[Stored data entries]
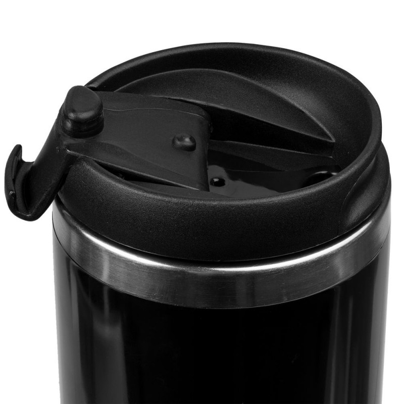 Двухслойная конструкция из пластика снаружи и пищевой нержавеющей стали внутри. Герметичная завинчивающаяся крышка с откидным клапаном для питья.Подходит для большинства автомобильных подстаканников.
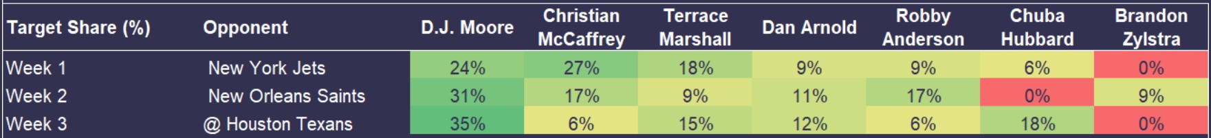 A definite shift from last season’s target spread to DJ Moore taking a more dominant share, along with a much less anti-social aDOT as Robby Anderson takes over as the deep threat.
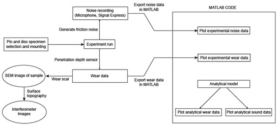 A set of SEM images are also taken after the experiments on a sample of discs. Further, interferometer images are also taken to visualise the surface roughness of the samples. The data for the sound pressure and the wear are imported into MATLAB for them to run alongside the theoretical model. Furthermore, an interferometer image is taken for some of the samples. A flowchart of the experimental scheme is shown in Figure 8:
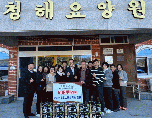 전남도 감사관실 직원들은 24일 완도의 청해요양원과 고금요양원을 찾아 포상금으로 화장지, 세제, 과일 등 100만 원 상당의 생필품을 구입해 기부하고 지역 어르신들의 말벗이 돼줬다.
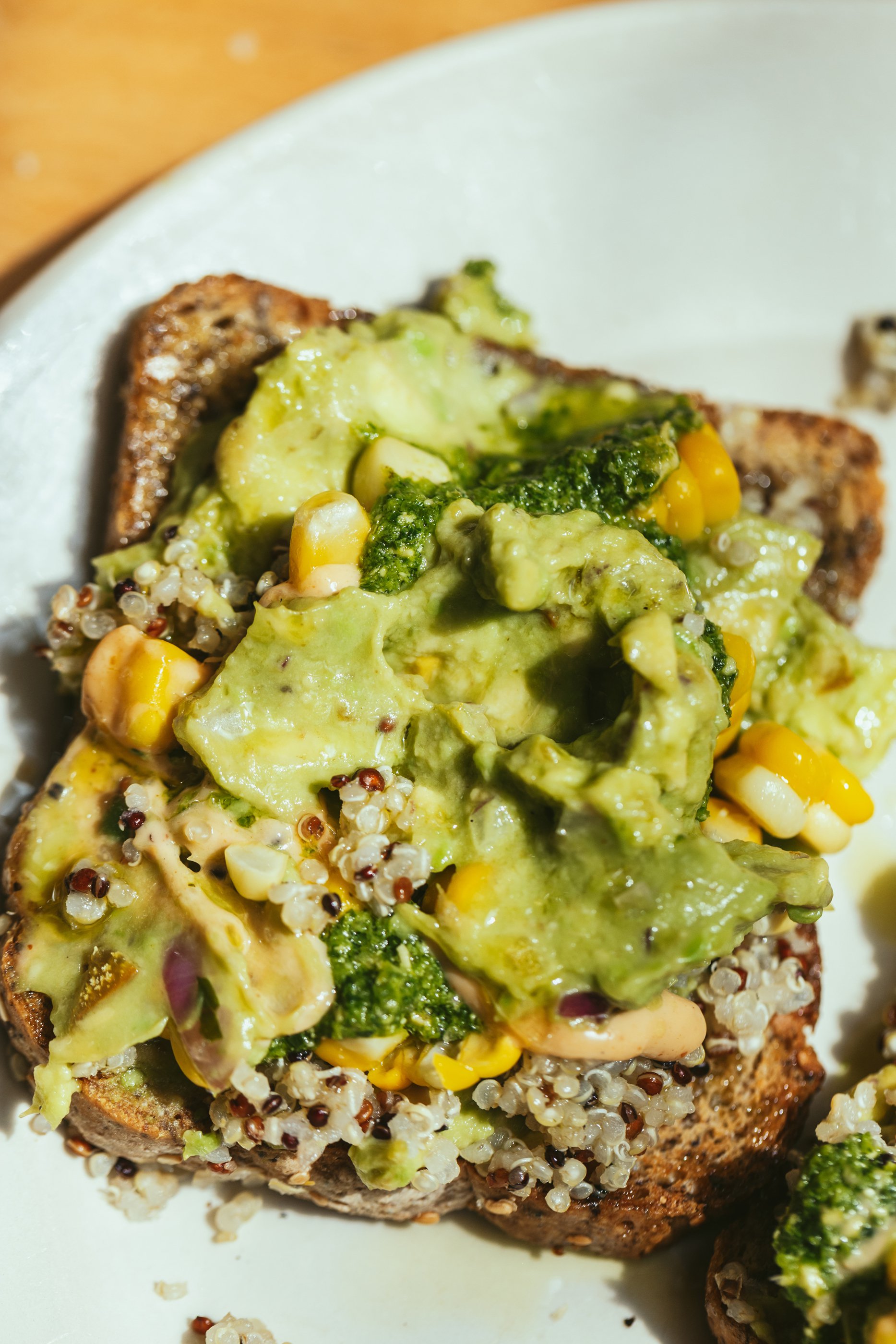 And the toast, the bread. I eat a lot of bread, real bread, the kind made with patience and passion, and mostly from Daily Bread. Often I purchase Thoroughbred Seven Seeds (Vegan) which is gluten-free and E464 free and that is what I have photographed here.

[TASK DESCRIPTION] Wherever an image appears, omit it; copy the rest of the records exactly.

[YOUR SOLUTION]
 Двухслойная конструкция из пластика снаружи и пищевой нержавеющей стали внутри. Герметичная завинчивающаяся крышка с откидным клапаном для питья.Подходит для большинства автомобильных подстаканников.
 A definite shift from last season’s target spread to DJ Moore taking a more dominant share, along with a much less anti-social aDOT as Robby Anderson takes over as the deep threat.
 A set of SEM images are also taken after the experiments on a sample of discs. Further, interferometer images are also taken to visualise the surface roughness of the samples. The data for the sound pressure and the wear are imported into MATLAB for them to run alongside the theoretical model. Furthermore, an interferometer image is taken for some of the samples. A flowchart of the experimental scheme is shown in Figure 8:
 전남도 감사관실 직원들은 24일 완도의 청해요양원과 고금요양원을 찾아 포상금으로 화장지, 세제, 과일 등 100만 원 상당의 생필품을 구입해 기부하고 지역 어르신들의 말벗이 돼줬다.
 And the toast, the bread. I eat a lot of bread, real bread, the kind made with patience and passion, and mostly from Daily Bread. Often I purchase Thoroughbred Seven Seeds (Vegan) which is gluten-free and E464 free and that is what I have photographed here.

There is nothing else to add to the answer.